Inner city - the central area of a major city; in the United States the term is often applied to the poorer parts of the city center and is sometimes used as a euphemism with the connotation of being an area, perhaps a ghetto, where people are less educated and wealthy and where there is more crime.


Invasion and succession - process by which new immigrants to a city move to dominate or take over area or neighborhoods occupied by older immigrant groups. For example, in the early twentieth century, Puerto Ricans “invaded” the immigrant Jewish neighborhood of East Harlem an successfully took over the neighborhood or “succeeded” the immigrant Jewish population as the dominant group in the neighborhood.


Megacities - a very large city characterized by both primacy and high centrality within its national economy.


Megalopolis / conurbation - a large, sprawled urban complex with contained open, nonurban land, created through the spread and joining of separate metropolitan areas; When capitalized, the name applied to the continuous functionally urban area of coastal northeastern United States from Maine to Virginia.
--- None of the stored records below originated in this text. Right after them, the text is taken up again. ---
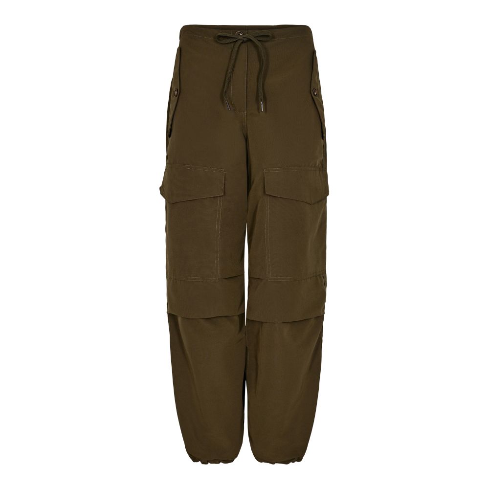 Co'Couture Elba Cargo Pant ArmyCargo baggy broek in een donker groene kleur van Co'couture. Brede en losse pasvorm met grote zakken. De broek heeft een hoge taille.*100% Polyester31049 7555LDH Moda: 020985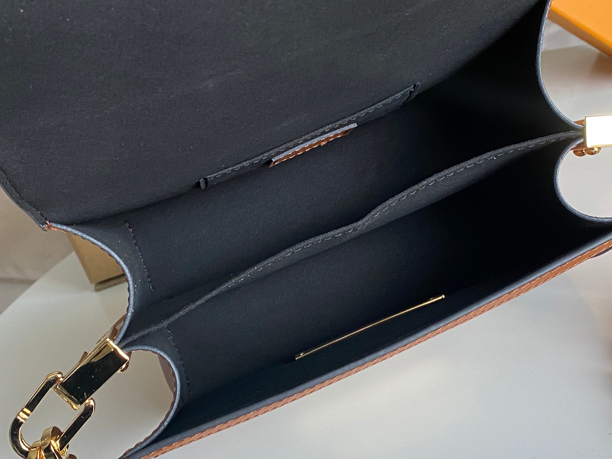 This adorable Micro Dauphine handbag is fashioned from Monogram and Monogram Reverse coated canvas with leather trim for a timeless allure. This new micro shape is embellished with the Dauphine’s adjustable and removable chain and fitted with buckle and LV Circle hardware. This is the perfect companion to accessorize almost any silhouette.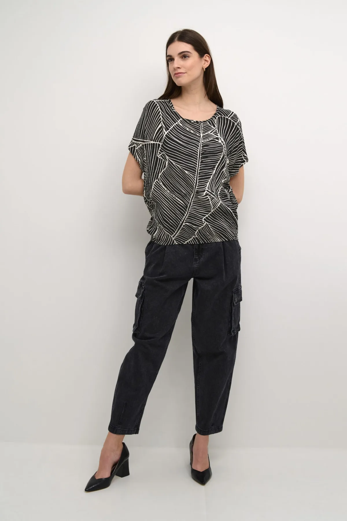 Mouwloos shirt Loose fit Black/Turtledove Leaf Print

Metropolitan area - In the  United States, a large functionally integrated settlement area comprising one or more whole county units and usually containing several urbanized areas: discontinuously built up, it operates as a coherent economic whole.


Multiple nuclei model - the postulate that large cities develop by peripheral spread not from one central business district but from several nodes of growth, each of specialized use. the separately expanding use districts eventually coalesce at their margins.


Multiplier effect - the direct, indirect, and induced consequences of change in an activity; in urban geography, the expected addition of nonbasic workers and dependents to a city’s total employment and population that accompanies new basic sector employment.